Photocatalytic H2O2 Production with a Nearly 2% Solar‐to‐Chemical Conversion Efficiency via a Dedicated Construction of Redox Centers in Metal–Organic Frameworks

Abstract Hydrogen peroxide (H 2 O 2 ) is a green oxidant widely used in a variety of industries. Photocatalytic generation of H 2 O 2 from water and oxygen by sunlight is an appealing strategy compared to the high energy consumption of the industrial anthraquinone process. However, the low activity and selectivity of the two‐step single‐electron oxygen reduction reaction (ORR) during the photocatalytic process greatly restricts the H 2 O 2 production efficiency.
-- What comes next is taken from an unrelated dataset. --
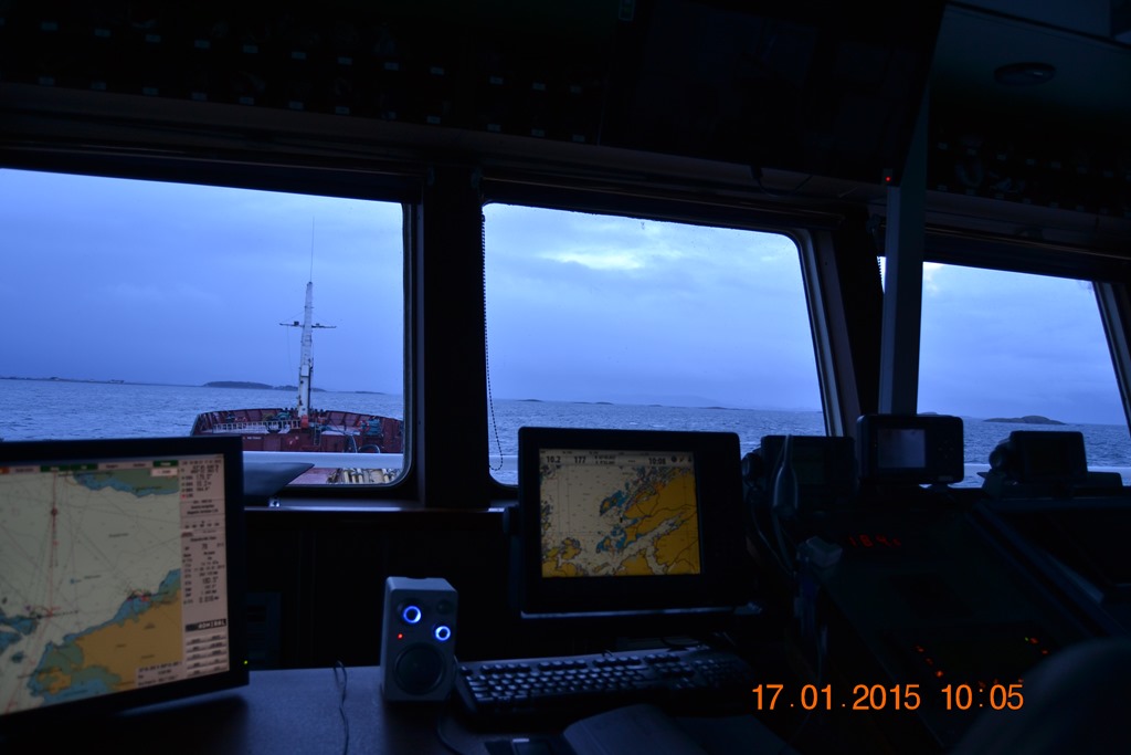20:00 Kommer på vakt när vi kommit över Hustadvika. Strax efter så får jag höra ett Mayday på radion. Det är en fiskebåt som gått på grund ute på Hustadvika och håller på att sjunka.

Here, we demonstrated that the redox centers in MOFs (NMFS‐M, single‐atom M linked to an iron‐oxo cluster in NH 2 ‐MIL‐101(Fe) by a molecular linker cysteine, M = Co, Ni, Cu, and Zn) for the production of H 2 O 2 from water and oxygen. The optimal NMFS‐Cu stably generates H 2 O 2 under simulated sunlight irradiation with a nearly 2% solar‐to‐chemical conversion efficiency under AM1.5 spectrum and an apparent quantum yield of 19.6% at 420 nm. Combined with density functional theory calculations, isotopic experiments, and advanced spectroscopic characterizations, the high photocatalytic performance is ascribed to the notably promoted sequential two‐step ORR to H 2 O 2 by forming μ‐peroxide and desorption of *H 2 O 2 at the single‐atom Cu sites. The in situ generated O 2 via water oxidation reaction is rapidly consumed by ORR, leading to a boosted photocatalytic generation of H 2 O 2 .